The patent becomes essential for the protection of software as the patent works on the scope and not on how one developed the work but the only aspect that patent law protects is the qualitative difference. But, for being granted a patent, it is necessary that the program is not merely an algorithm but is a technical invention that is eligible for such a grant of patent.

As per Sec. 3 (k) of the Indian Patent Act, computer programs cannot be patented per se.

Computer software should not be the following programs or algorithm to be granted protection under the patent law:

1. Business method, mathematical method, or algorithm;

2. A computer program.

However, software can be patented if it is attached to an invention and that it is a component of such an invention. To avoid the claim of sec. 3 (k) it is essential to show that hardware is an essential part of the invention along with the software or computer program. ‘Whether mobile applications are patentable or not,’ has been a long due question for the past many years. Well, mobile applications are software interacting with various servers while running on hardware that becomes a technical invention of hardware, hence it is patentable.

Ferid Allani v. Union of India, WP(C) 7 of 2014, decision dated 12th December, 2019

The Delhi High Court has reiterated that the computer related inventions demonstrating ‘technical effect’ or ‘technical contribution’ are patentable even though it may be based on a computer program. In this case Ferid Allani filed a patent application seeking grant of a patent for his invention titled “a method and device for accessing information sources and services on the web”. There were various claims and among them Claim 9 sought protection for a corresponding device claim written in means plus function format. The claimed invention achieves this objective in a manner that is quicker and easier to use than methods known at the time of invention.

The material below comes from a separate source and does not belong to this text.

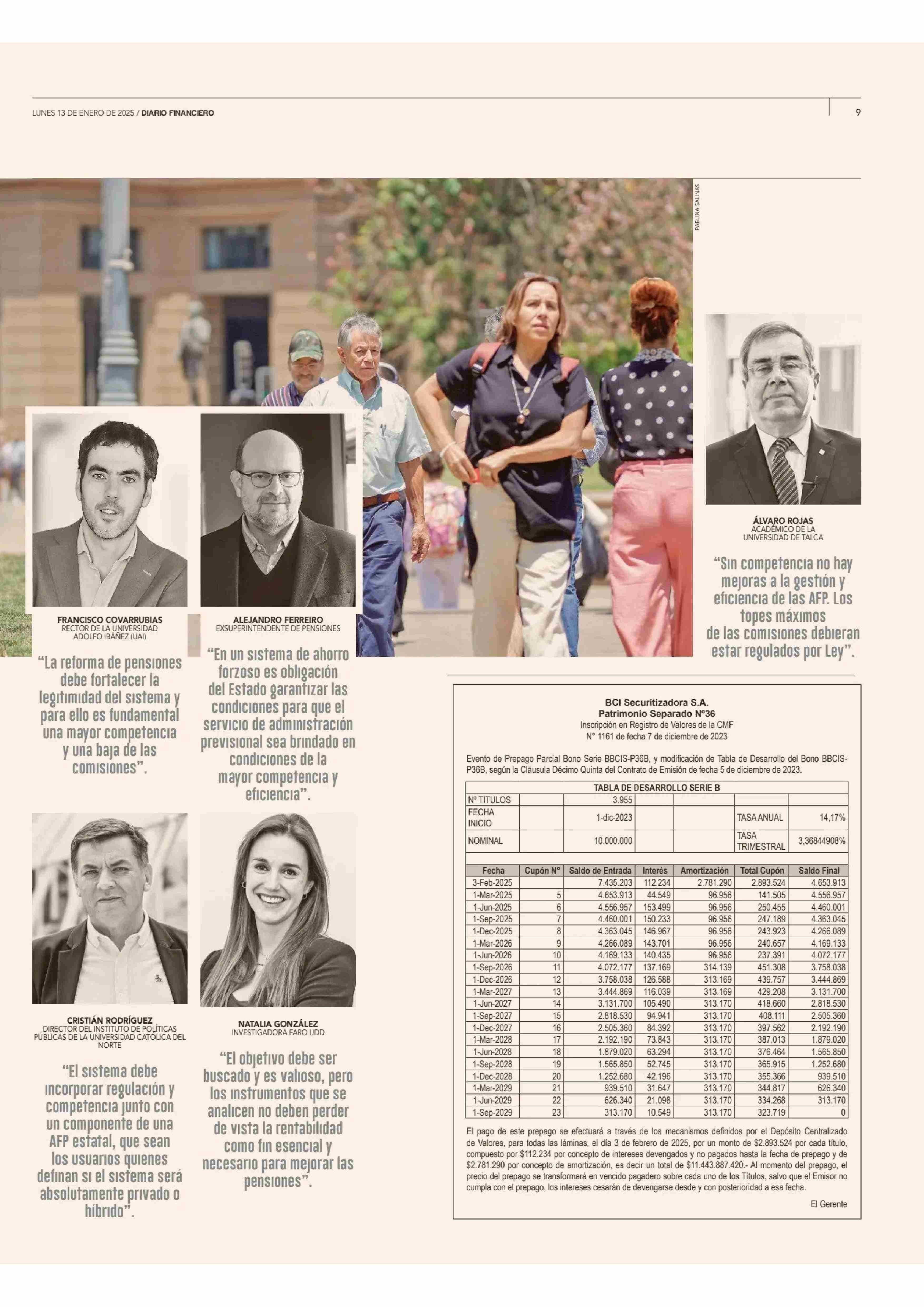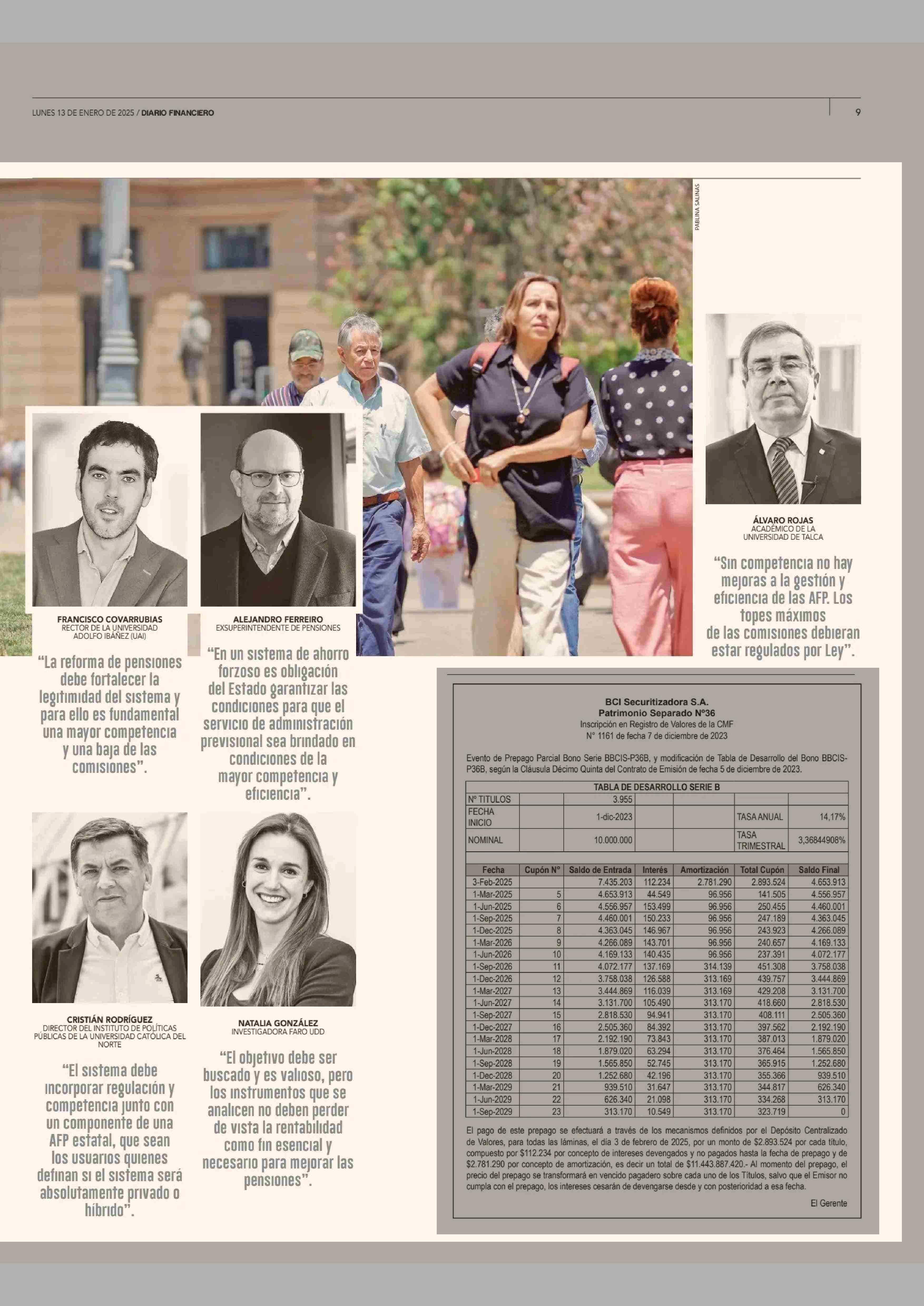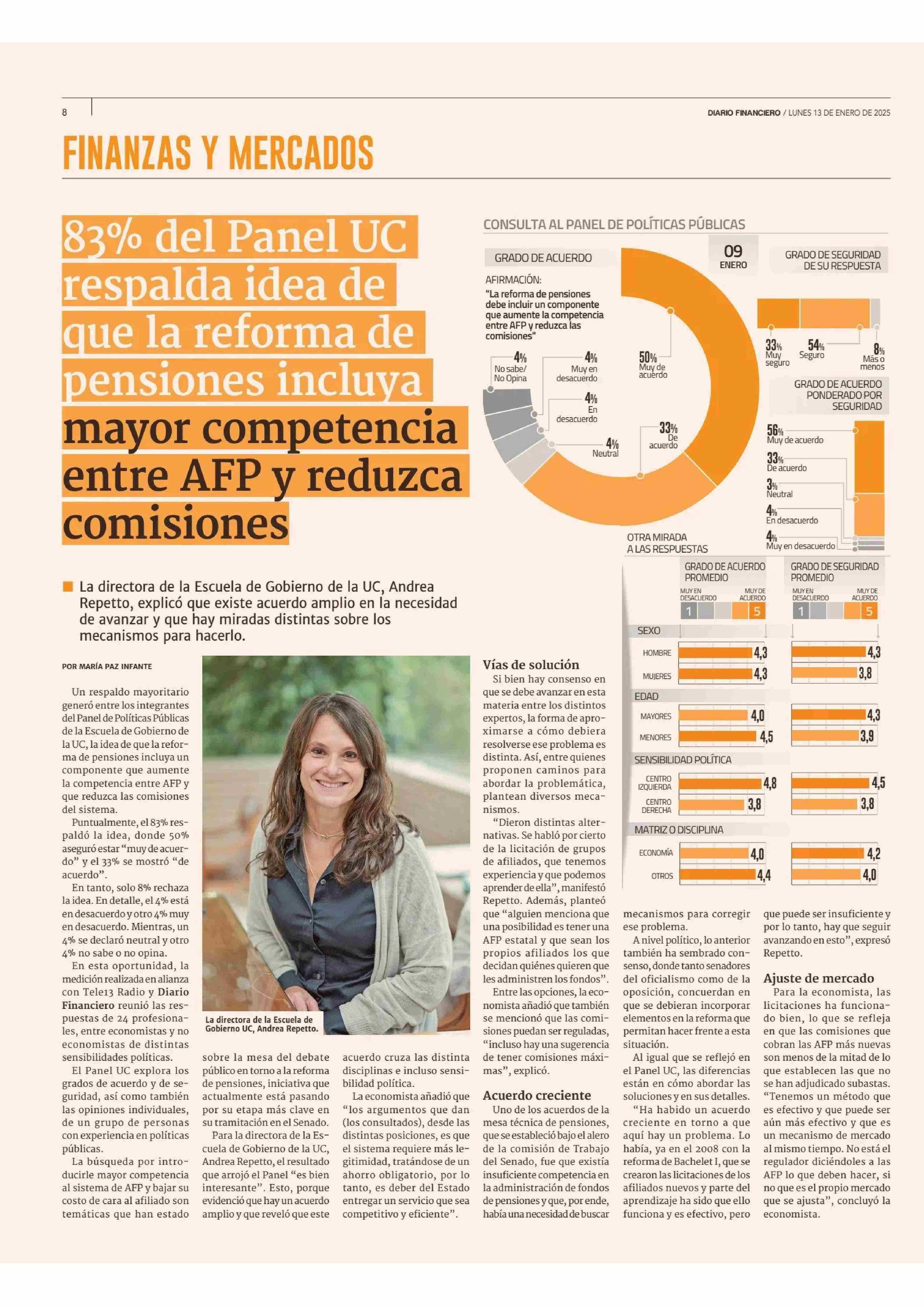 83% del Panel UC respalda idea de que la reforma de pensiones incluya mayor competencia entre AFP y reduzca comisiones 13-01-2025 Diario Financiero |

Court in this case explained the legal position of “per se” under Section 3(k) and compared the provision with Article 52 of EPC. Court stated the importance of computer program in today’s inventions especially inventions related to Artificial Intelligence, Blockchain and other digital products. Further Court stated that Patent applications in these fields would have to be examined to see if they result in a ‘technical contribution’.

Mobile app Patent in India

OLA (ANI Technologies) has filed a patent application in India numbered 201741047370 claiming a method and a system for providing in-vehicle services to commuters. A first device transmits online and offline applications to a second device. The online and offline applications are rendered on the second device by way of a first master application installed on the second device. The first device receives one of a first or second request from the second device indicating a selection of an online or offline application, respectively. The first device retrieves one of a first multimedia file from a first memory of the first device in response to the first request or a second multimedia file from a first server in response to the second request. The first device streams one of the first or second multimedia file to the second device.

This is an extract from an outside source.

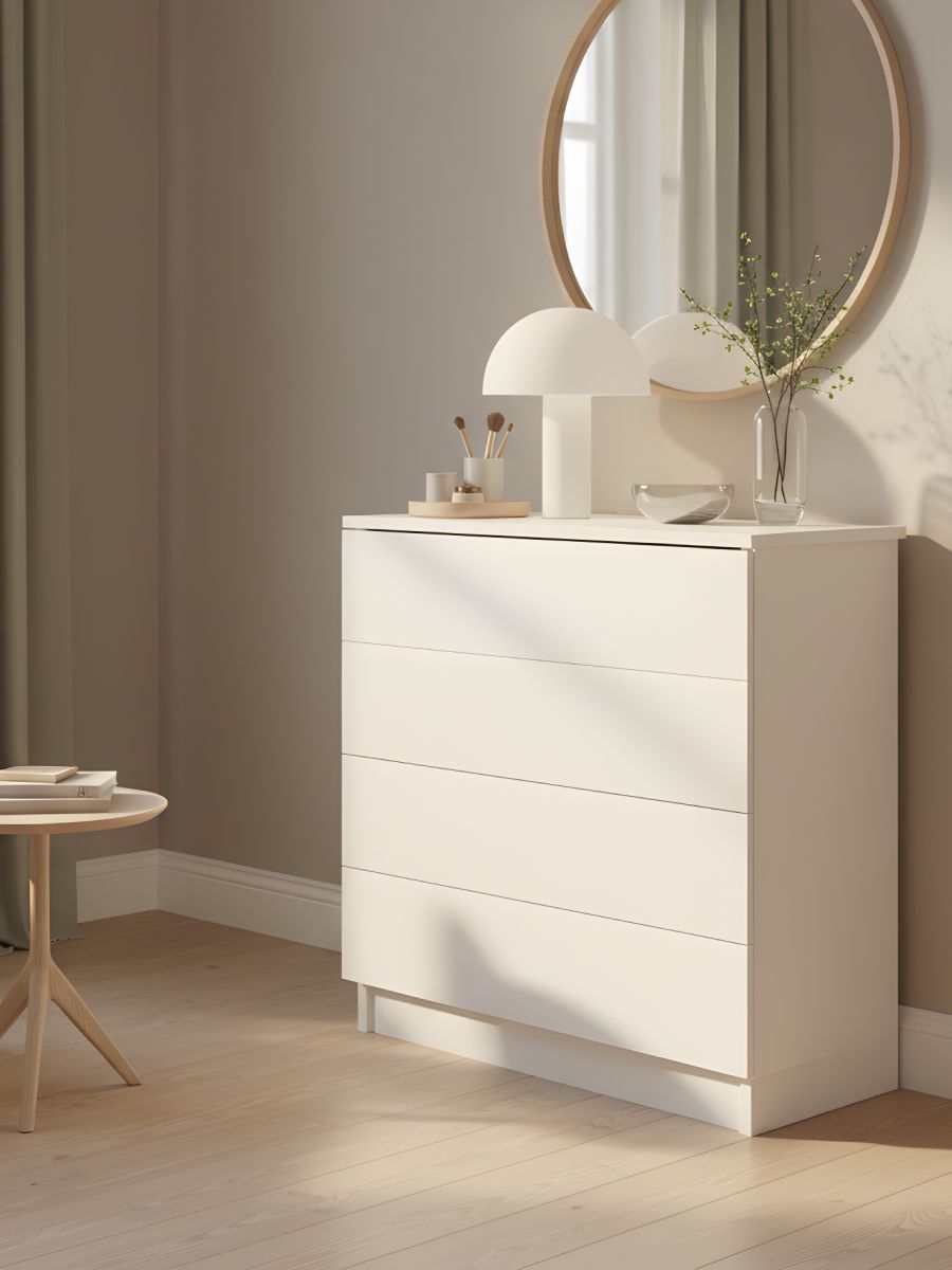 Ящики комода Марм можно использовать для хранения вещей одного типа или тематически разделить их по назначению. Например, верхние ящики использовать под носки, перчатки и шарфы, средние - под футболки и майки, нижние - под пижамы и домашнюю одежду.

First Examination report was issued by the Indian Patent office for this patent application on November 23, 2020. Surprisingly, there is no objection under Section 3 (k) of the Indian Patent Act may be due to Delhi High Court’s decision on Ferid Allani v. Union of India, WP(C) 7 of 2014 on December 12, 2019. This encourages the mobile app developers in filing of patents in India.

Conclusion

Mobile apps have become the sole mode or part of business majorly in this rapidly evolving world of technology. The team should be working tight-knit so that the information is not disclosed to the wrong users which can jeopardize the business. The IP specialist should thoroughly explain the app so that strong protection is granted to the App.

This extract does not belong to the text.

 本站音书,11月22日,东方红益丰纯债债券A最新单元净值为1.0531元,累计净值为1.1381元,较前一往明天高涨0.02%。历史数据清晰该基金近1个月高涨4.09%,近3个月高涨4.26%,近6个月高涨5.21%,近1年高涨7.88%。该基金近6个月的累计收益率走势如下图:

In some cases, the mobile application is just a part of the business, whereas in other cases the business itself is the mobile application (for example, OLA and Uber). Thus, intellectual property protection is needed for each mobile app in order to enjoy maximum benefits from the mobile application without worrying about competitors who may duplicate the mobile application technology. This will allow the mobile application developers complete authority over their IP assets.